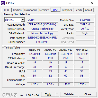 Specs: DDR4 PC4-28800 • 16-18-18 • Unbuffered • NON-ECC • DDR4-3600 • 1.35V • 1024Meg x 64
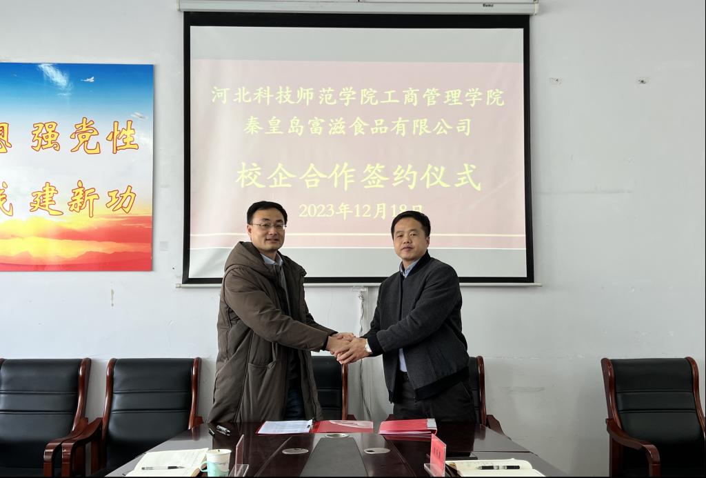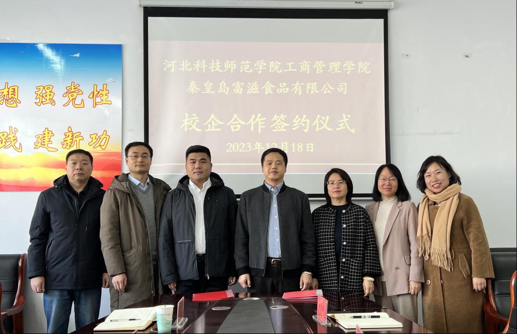 2023年12月18日上午,taptap体育官网入口taptap体育官网入口与秦皇岛富滋食品有限公司校企合作签约仪式在taptap体育官网入口会议室举行,taptap体育官网入口出席的人员有领导班子成员以及市场营销教学部专业老师代表,秦皇岛富滋食品有限公司出席的人员包括董事长、总经理及内销部经理。
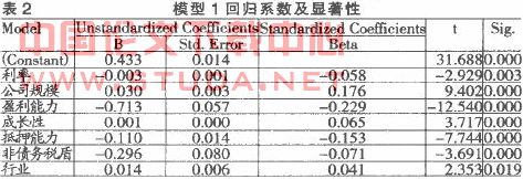 (一)实证检验分析从(表2)中可以看到,利率与上市公司资本结构之间在l%的水平上显著负相关,说明我国上市公司资本结构会随着利率的提高而显著降低。验证了本文提出的假设1。另外,公司规模、盈利能力、成长性、抵押能力、非债务税盾、行业这些因素也显著地影响企业的资本结构。

# Assigned task:
Please reproduce the lines above from the one containing "2023年12月18日上午,taptap" through the final line, exactly and inclusively, leaving out each picture.

# Response to the task:
 2023年12月18日上午,taptap体育官网入口taptap体育官网入口与秦皇岛富滋食品有限公司校企合作签约仪式在taptap体育官网入口会议室举行,taptap体育官网入口出席的人员有领导班子成员以及市场营销教学部专业老师代表,秦皇岛富滋食品有限公司出席的人员包括董事长、总经理及内销部经理。
 (一)实证检验分析从(表2)中可以看到,利率与上市公司资本结构之间在l%的水平上显著负相关,说明我国上市公司资本结构会随着利率的提高而显著降低。验证了本文提出的假设1。另外,公司规模、盈利能力、成长性、抵押能力、非债务税盾、行业这些因素也显著地影响企业的资本结构。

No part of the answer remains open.